To prove that Moonshot is a viable approach, HP put in a production configuration. At the HP.COM website there are approximately 100 applications for browsing and downloads. HP.COM’s website gets approximately 300 million hits per day. It was running on 46 HP legacy servers consuming just over 115,000 Watts per day. Replacing that legacy configuration with six Moonshot systems lowered the power consumption to 6,000 Watts and reduced the rack space usage by 89 percent.
Barron gave a lengthy explanation of why mobile users and cloud services require application focused silicon for the servers. HP will offer server cartridges from multiple vendors – AMD, Applied Micro, Intel, and Texas Instruments. Applied Micro and Texas Instruments are based on the ARM architecture. This provides customers with the option of picking a server cartridge tailored for specific services, like High Performance Computing (HPC), gaming, telecommunications, finance, seismic imaging, Big Data analysis, web serving, and video analysis, to name a few.

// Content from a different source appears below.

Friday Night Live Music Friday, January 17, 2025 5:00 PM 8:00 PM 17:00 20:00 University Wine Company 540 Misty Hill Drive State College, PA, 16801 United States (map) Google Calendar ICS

TI has developed hybrid ARM processors that mix anywhere from one to four Cortex-A15 (32-bit) cores with one to eight TMS320C66x digital signal processors into a single SoC. These combinations in the Moonshot can be used in application specific work such as pure cloud infrastructure workloads – servers, switches, routers, network control planes, and telecommunication switches with applications such as VoIP and LTE.
Applied Micro’s X-Gene 1 eight core SoC with ECC (error-correcting code) memory. The platform is capable of running a full LAMP (Linux, Apache, MySQL and PHP) software stack. The X-Gene implements the ARMv8 ISA which is a full 64-bit architecture that is backwards compatible with 32-bit ARMv7. The CPU features hardware virtualization acceleration, MMU virtualization, and advanced SIMD instructions.
Barron said that ARM architecture and HP’s Moonshot will bring new performance levels and reduced power consumption to the data centers.
There was an interesting announcement in last Friday’s Digitimes. “Foxconn Electronics (Hon Hai Precision Industry) and Hewlett-Packard (HP) will establish a joint venture specifically for producing servers for cloud computing and offering related supporting services, according to Foxconn.”
“The partnership reflects innovation in HP’s server business model through combining Foxconn’s R&D capability and manufacturing expertise, with HP’s market leadership in cloud computing products and related services to enable both companies to offer cloud computing solutions which will change existing market game-playing rules, HP CEO Meg Whitman said.”
Paul Teich, CTO and Senior Analyst, Moor Insights & Strategy, said, “HP and Foxconn’s partnership should help both of them address substantial challenges in continuing cloud computing R&D investment in spite of purchasing pressures that might lead to a ‘race to the bottom’ for prices and margins.”
BSN is planning a hands-on evaluation of the performance of an HP Moonshot with the Applied Micro X-gene cartridge. We will let you know the results as we did with our May 2011 comparison of ARM to x86.